A: Those are both good questions, and I think the hope is that long-term, the Car of Tomorrow will equalize competition. I talked with some guys at smaller teams. Kyle Petty told me he thought it would be maybe 18 months before the smaller teams catch up to the big teams for the Car of Tomorrow. As far as why isn't it used in the Busch Series, it will be an eventual cost saver, but there's a big upfront investment to build all the new cars. They don't want to burden the Busch Series guys with the startup expense of having Cars of Tomorrow.

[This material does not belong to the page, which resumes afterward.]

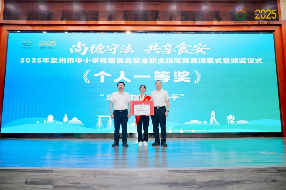 泉州市市场监管局副局长刘家旺正在总结讲话中强调,校园食物安满是沉中之沉,要以此次竞赛为契机,持续强化部分协同,建牢认识防地、提拔专业能力、严酷施行尺度,建立社会共治款式,切实守护师生“舌尖上的平安”。为泉州市校园食物平安工做注入新动能。下一步,市场监管部分将继续联袂各方,鞭策校园食安管理能力持续提拔,为青少年健康成长保驾护航。
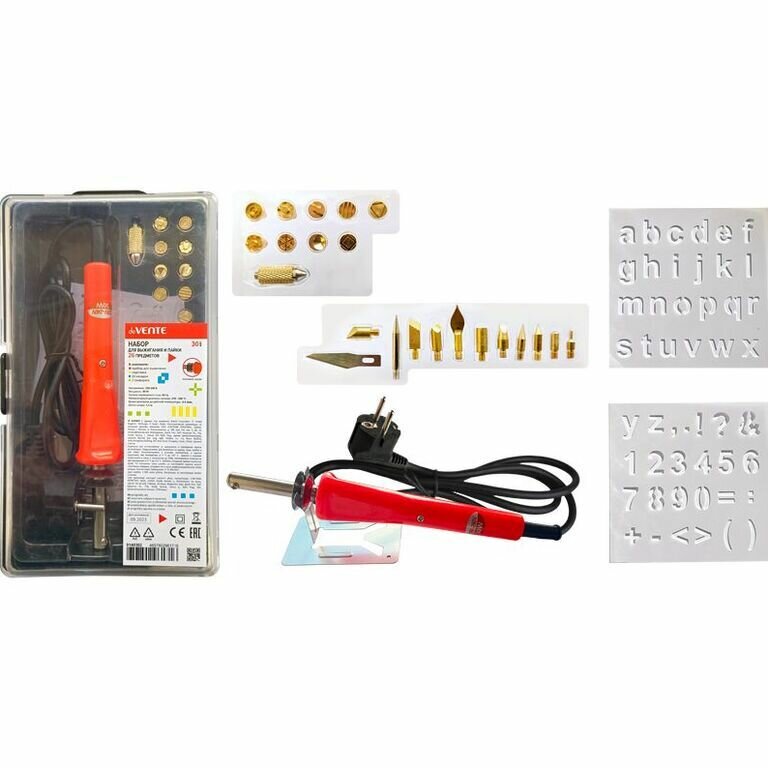 Купить Набор для выжигания deVENTE "Pyrograph", прибор с подставкой и насадками, 2 трафарета, пластиковый кейс

A: That's a very good question. The reason the Car of Tomorrow is not being used on mile and a half tracks until 2009 or if they decide to condense the schedule next year, those are the size tracks that NASCAR had the most questions about the aerodynamic properties of the car and figured it would take the longest to get right so they wanted to see how the COT actually raced at smaller tracks like Bristol, Martinsville and Phoenix. That's why they started with the schedule they did.
A: Everybody who isn't a Chevy fan is frustrated right now. In the four Car of Tomorrow races that have been run to date, a total of more than 1700 laps, Ford and Toyota have only led five laps each, and Dodges aren't much better. They've led 42 laps. The Fords have a long way to go, and I think the Ford drivers are every bit as frustrated as the fans. It's just a question of how long will it take them to catch up.